# Need advice, should I trap?



## amy22 (Jul 5, 2013)

Hello all, this is my first experience with a feral. I live in upstate NY and we've been getting a lot of snow. All this past week I've noticed sets of kitty tracks in the snow. They criss cross all over my 2 acre yard, but I've never seen an actual cat. Should I put food out, try to trap it for TNR, etc? I'm thinking of putting together one of the feral shelters I've seen on Jackson Galaxy. Its interesting that they cross right through the middle of the yard instead of sticking to treelines, but theres several sets of tracks going under the porch so that seems a good place to set one a cat hut.


----------



## Blakeney Green (Jan 15, 2013)

I would try to actually spot the cat and make sure it's a feral before you attempt trapping it. If it's not and it has somewhere to go, trapping it could strand it outside. You could also try following the tracks to see where it goes.

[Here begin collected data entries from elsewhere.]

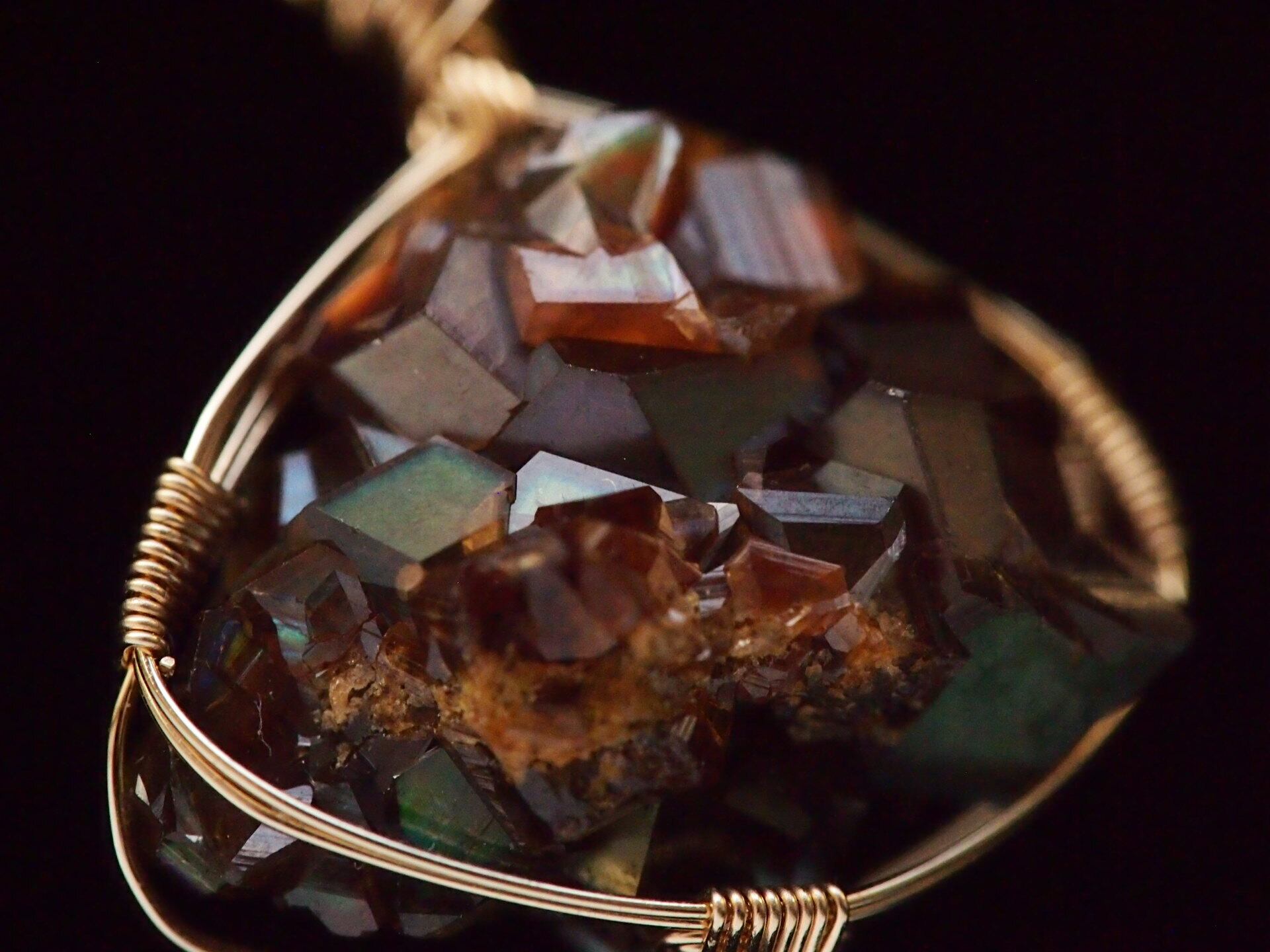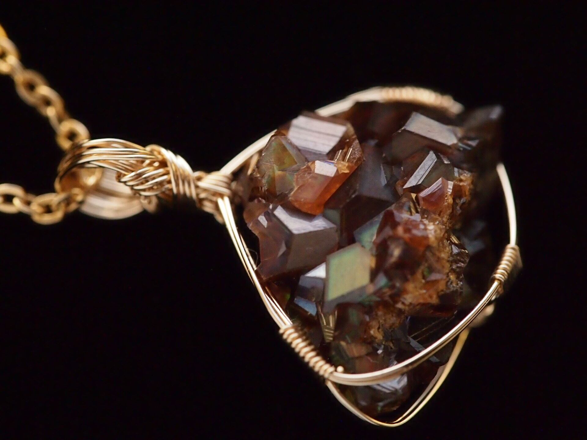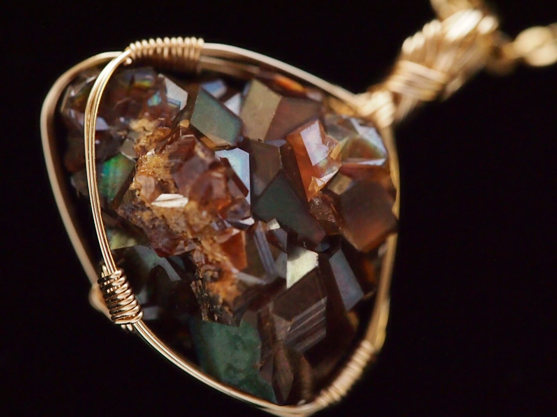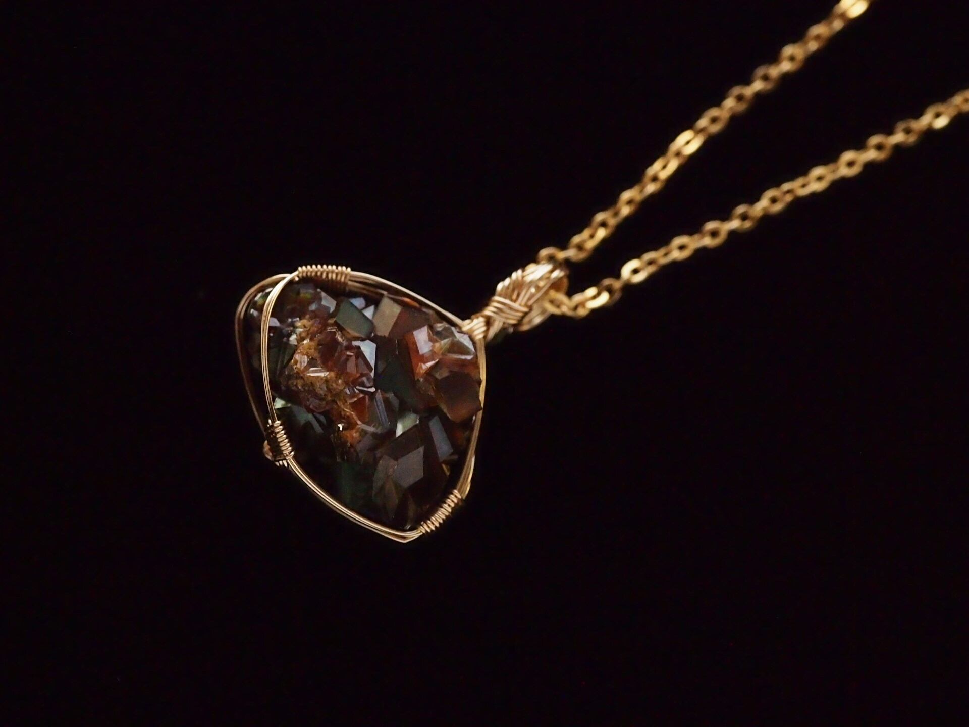 小さなレインボーガーネットのクラスターを14kgfワイヤーで繊細に女神巻き®ペンダントトップに仕上げました♡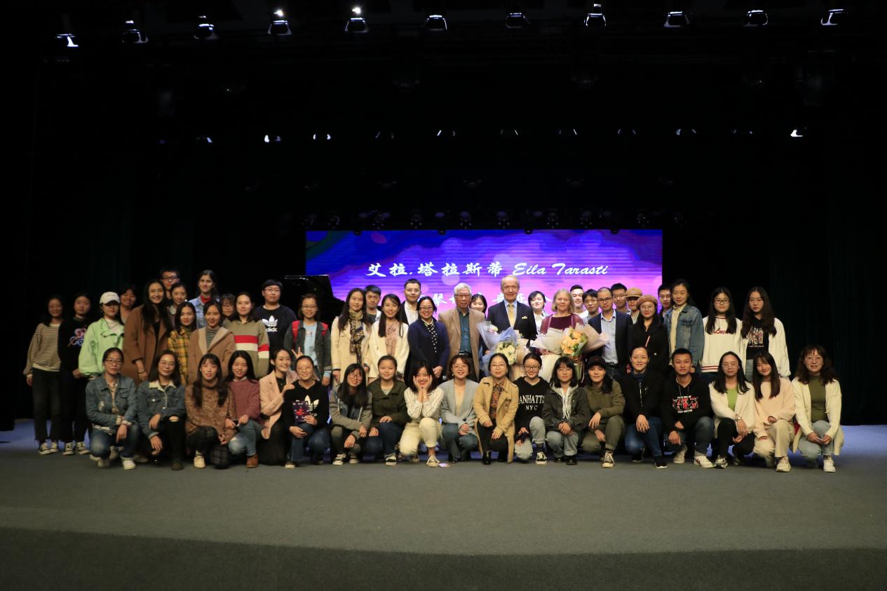 六首曲目演奏完毕,全场师生为塔拉斯蒂教授献上热烈掌声,塔拉斯蒂教授夫妇此次访问yh533388银河官网的旅程也落下帷幕。钢琴音乐会结束后,塔拉斯蒂教授夫妇还与yh533388银河、艺术学院师生合影留恋。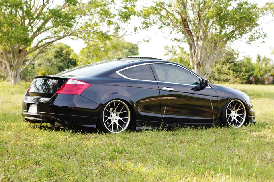 09 Cbp Accord Coupe 6-6 // Full exhaust // Takeda short ram intake // Custom Headlights w/dual halos & rgb demon eyes // BC coilovers // 20x10.5 +25 front/+5 rear Avant Garde F421 w/candy brushed turquoise faces & polished lips & hardware // Supgrade purple & chrome lug nuts // Jpower rear camber kit // TRS 6k headlights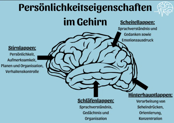 Im Gehirn, vor allem im Großhirn, sind unterschiedliche Bereiche für unterschiedliche Aufgaben zuständig. Vieles deutet darauf hin, dass Persönlichkeitsmerkmale vorwiegend im Frontalhirn verankert sind, welches direkt hinter der Stirn liegt. Wird dieser Bereich nun durch einen Schlaganfall beschädigt, kann das Spuren auf der Persönlichkeit hinterlassen.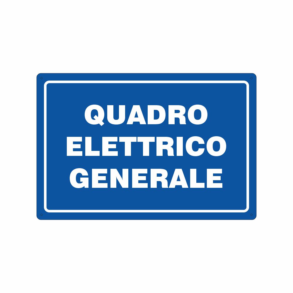 Cartello in alluminio preverniciato blu spessore 0,5 mm, stampa serigrafica scritta interruttore elettrico generale. Conforme D.Lgs. 81-08, UNI 7543.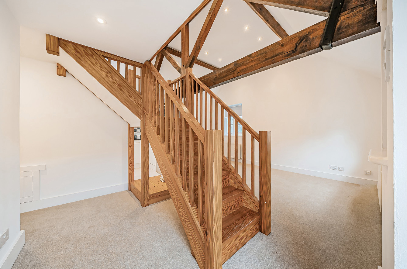 Comprising open plan living room & kitchen. Master bedroom with ensuite bathroom, shower room & mezzanine double bedroom/study. Unfurnished. Available NOW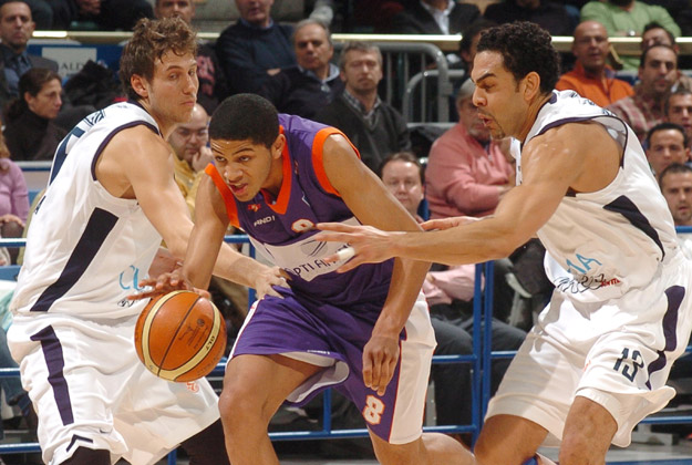 Batum entre deux défenseurs avec le MSB (c) basket actu com Batum entre deux défenseurs avec le MSB (c) basketactu.com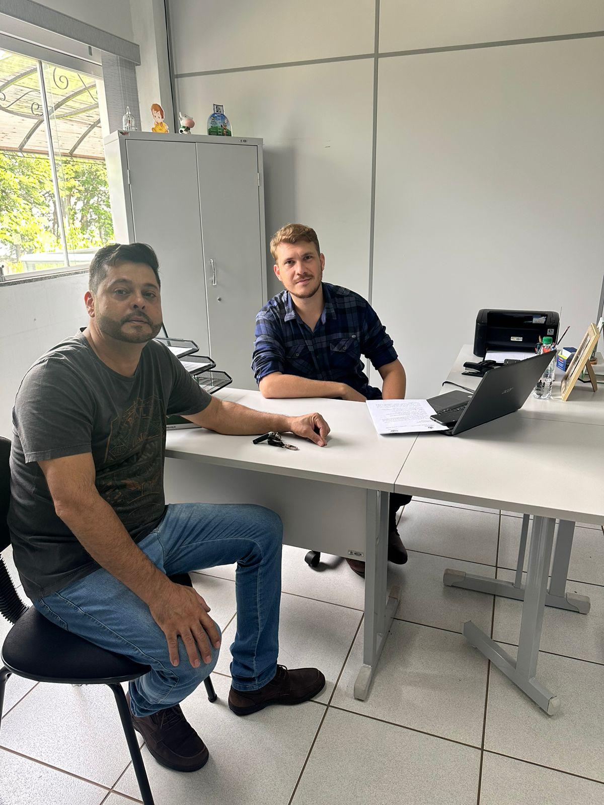 Nesta sexta-feira, 31 de janeiro, o vereador de Terra Roxa, Carlos Diniz (PSD), realizou uma reunião com o Secretário Municipal de Obras, Marcelo Henrique dos Santos, para discutir medidas que visam apoiar os pequenos produtores do município. Durante o encontro, Diniz fez um pedido formal em nome da Câmara de Vereadores, solicitando a contratação de dois agrônomos para atender às demandas dos agricultores locais.
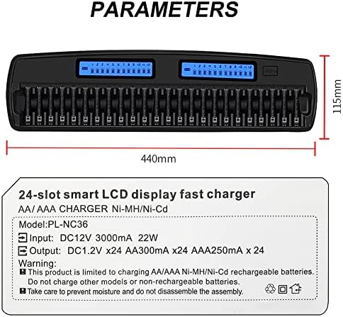 NOTE:24 Bay Sensible Battery Charger LCD Show for AA/AAA NiMH/NiCd Rechargeable Batteries with Constructed-in IC Safety & AC Wall Adapter,do not work for 18650 18490 18350 17670 17500 16340 RCR123 14500 IMR 10440 3.7V Lithium Li-ion LiFePO4 Rechargeable Batteries and alkaline batteries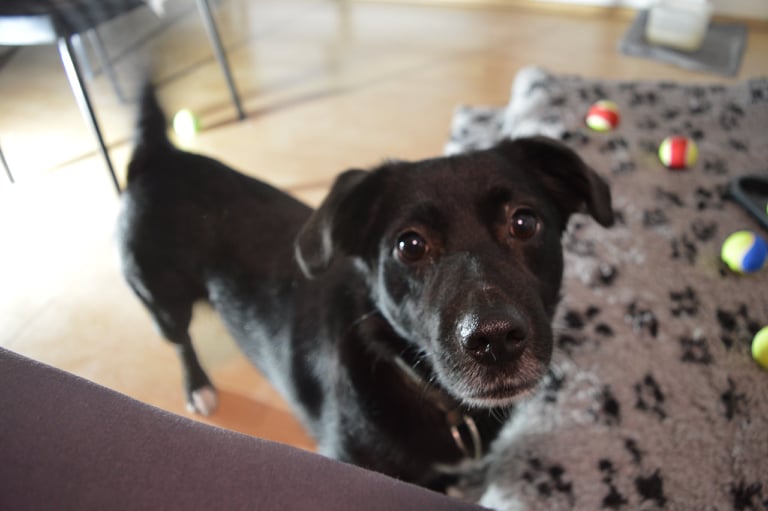 Badrya ist eine kleine (16kg), lustige Rennsemmel. Sie sieht aus, wie ein Labrador im Kleinformat.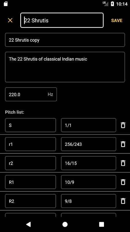 Mỗi thang âm có thể được chọn và bạn có thể chơi các nốt của nó để cảm nhận trước khi điều chỉnh nhạc cụ của mình.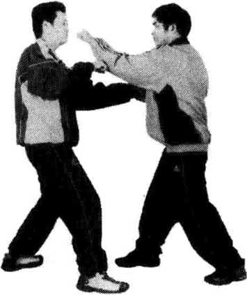 当敌用左直拳向我头面部击来时,我稍向后闪身,迅速以我 两臂相迎,在我胯向后坐、身向右转的同时,以两臂外侧分别向 外磕击敌左右小臂,将其双臂分挡后,我突然上身左转,将左掌 变拳以炮拳之势击敌面部(图81、82、83)。

Your heart is definitely in the right place.  I think you need to get some more information before acting, though.


----------



## Greenport ferals (Oct 30, 2010)

There's no telling if the cat is feral or perhaps a neighbor's cat that has wandered over. I'm amazed at the number of tracks after a snowfall - cats, opossums, skunks and even some dog tracks from a friendly dog that I know visits but who I rarely see. 
Winter is tough on feral cats, so I would offer it shelter under your porch, food and water. There's a chance you may attract a wild critter by leaving food, though.


----------



## amy22 (Jul 5, 2013)

Good points. I had assumed it was feral as my closest neighbor is a quarter mile, but thats within range of housecat patrol. I'll put out a shelter and a bowl of water, still not sure about food. Lots of other critters in my area including coyotes that I don't want to attract.


----------



## Greenport ferals (Oct 30, 2010)

Yes, I see my own cats ranging far outside what I considered their usual territory at times. 
As to the food - I feed outdoor cats in various situations and I find that most other critters are nocturnal, so feeding in the early morning is the best option. If there's food left over, bring it in.


----------